5. Visualize AGB vs. NDVI with the Scatter Plot tool

  • Close all Map Views.

  • Open an RGB composite of enmap_sonoma.bsq in Map #1.

  • Display agb_estimation_masked.bsq and ndvi_masked.bsq in Map#2 and Map#3, respectively and use the Layer Properties to change the color ramp of both maps to white-green. Link all Map Views.

  • To investigate the relationship between estimated AGB and NDVI, we will make use of the EnMAP-Box’s Scatter Plot tool. This is one of several tools integrated into the EnMAP-Box to support data visualization and assessment

  • Open the Scatter Plot tool by going to Tools then selecting Scatter Plot.

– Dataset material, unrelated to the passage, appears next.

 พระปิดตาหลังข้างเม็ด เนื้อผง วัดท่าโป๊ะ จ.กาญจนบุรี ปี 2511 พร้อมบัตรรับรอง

    • Select agb_estimation_masked.bsq and Band 1 for specifying X values and ndvi_masked.bsq and Band 1 for specifying Y values. If a selected raster has multiple bands, you would specify the desired band from the dropdown.

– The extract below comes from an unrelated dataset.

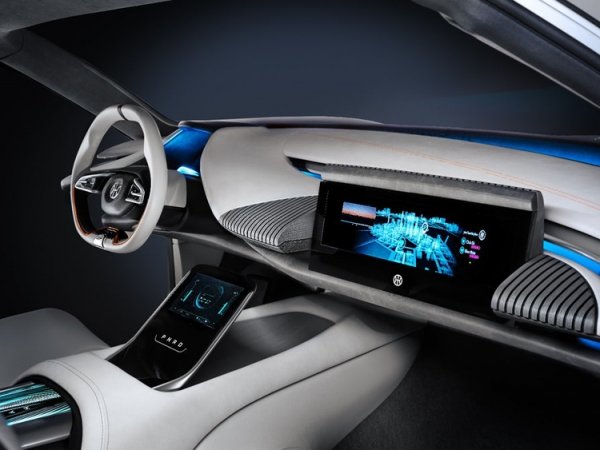 Салон выполнен в футуристическом стиле. В распоряжении водителя и пассажиров — различные дисплеи и сенсорные органы управления. Предусмотрены несколько режимов движения, в том числе комфортный и спортивный.

    • Click on Apply to visualize the Scatter Plot.

  • The mIconCollapse Settings offer different options for visualizing the scatter plot.
    • You may change the Min and Max values, Coloring or Cumulative count cut options to improve your visualization.

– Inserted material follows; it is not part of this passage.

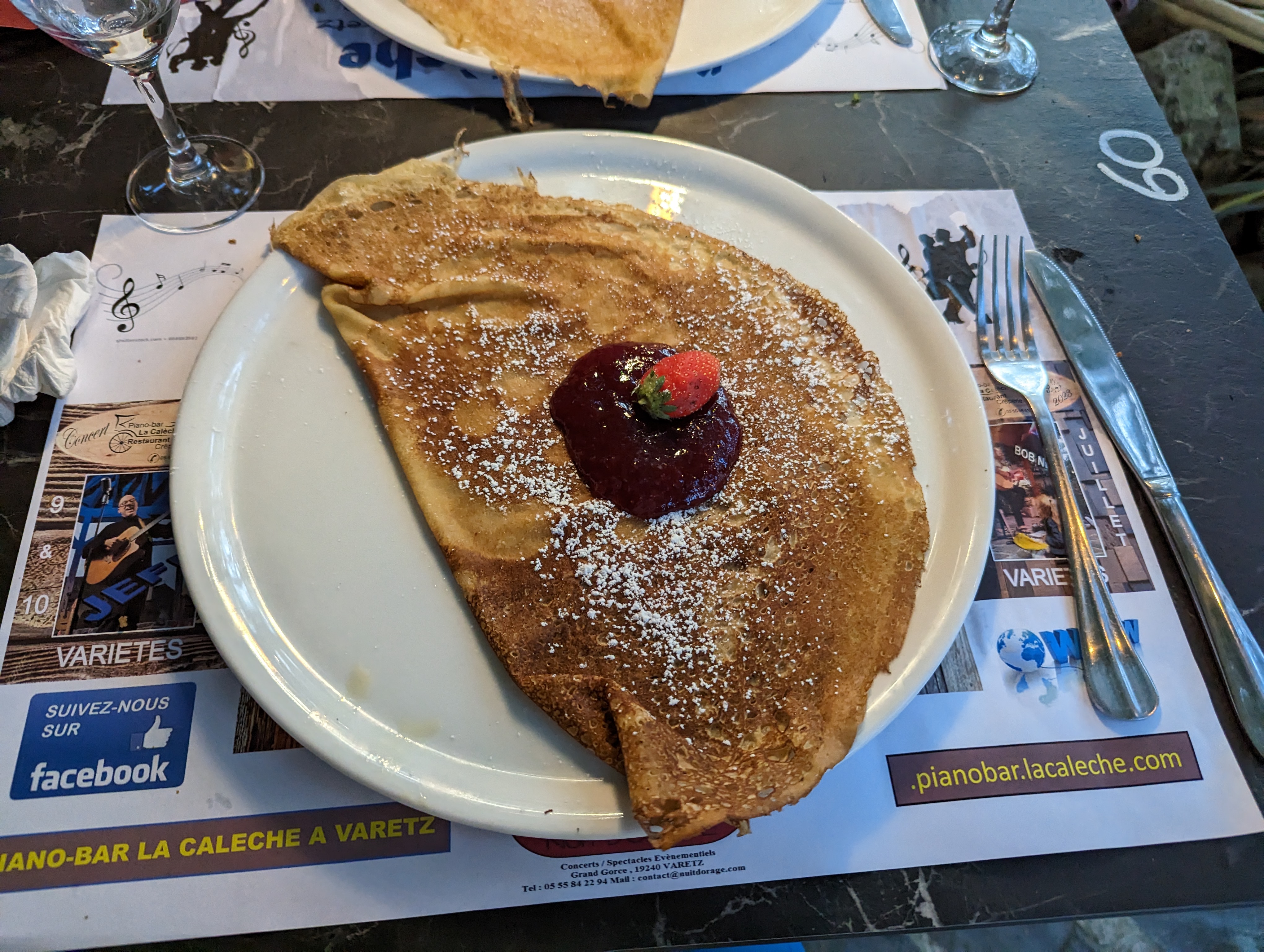 Les crêpes sont très gourmandes. Bonne ambiance. Petit bémol : il ne faut pas y aller pour papoter à table car avec la musique un peu forte on ne s entend pas. Mais très bonne soirée et bon repas.

    • Under Extent you may choose Current canvas or Whole raster to display data of the current map canvas only or to display all raster data. Choose Whole raster.

    • Under Accuracy you may choose to display Estimated or Actual. Actual will display all available data, while Estimated will only display a random subset. For large raster extents, Estimated is much faster, and for that reason is the default. Leave Accuracy as Estimated.

    • Click on Apply to update the Scatter Plot. If Live update is checked, visualization of the scatter plot will be automatically updated.

  • The mIconCollapse Analytics offers options to assess the relationship between x and y values.

    • The 1:1 line represents the linear 1:1 relationship between the two variables of the same unit if they were perfectly correlated.

    • The Fitted line represents the linear regression line fitted between the actual data from the two variables. The linear regression function, the coefficient of determination (r^2) and the Root Mean Squared Error (rmse) will be additionally displayed. Activate the Min-max line by checking the box to its left.


Learning Activities

Learning Activities

  • C1: Why was it necessary to mask the AGB results?

  • C2: What relationships can you see between AGB and NDVI? Do these relationships hold true if you look at the un-masked AGB and NDVI maps?

  • C3: Given the relationships between AGB and NDVI, do you think NDVI could be used to map AGB? What limitations would you expect from such a model?

Additional Exercises

Learning Activities

  • AE1: Use the Image Statistics tool in the Tools menu to look at the band statistics for the biomass predictions both with and without the tree mask applied.

  • AE2: Because we randomly subsetted the training data prior to model training, the performance of the model has an element of uncertainty to it. To better understand this, rerun the regression workflow 3-5 times. Then use the ImageMath tool to calculate the average estimate and variance. How does running the regression in such an ensemble approach affect the results? What is the spatial pattern of variation in estimates?

  • AE3: Rerun regression (Exercise B) using NDVI as the input rather than the hyperspectral imagery.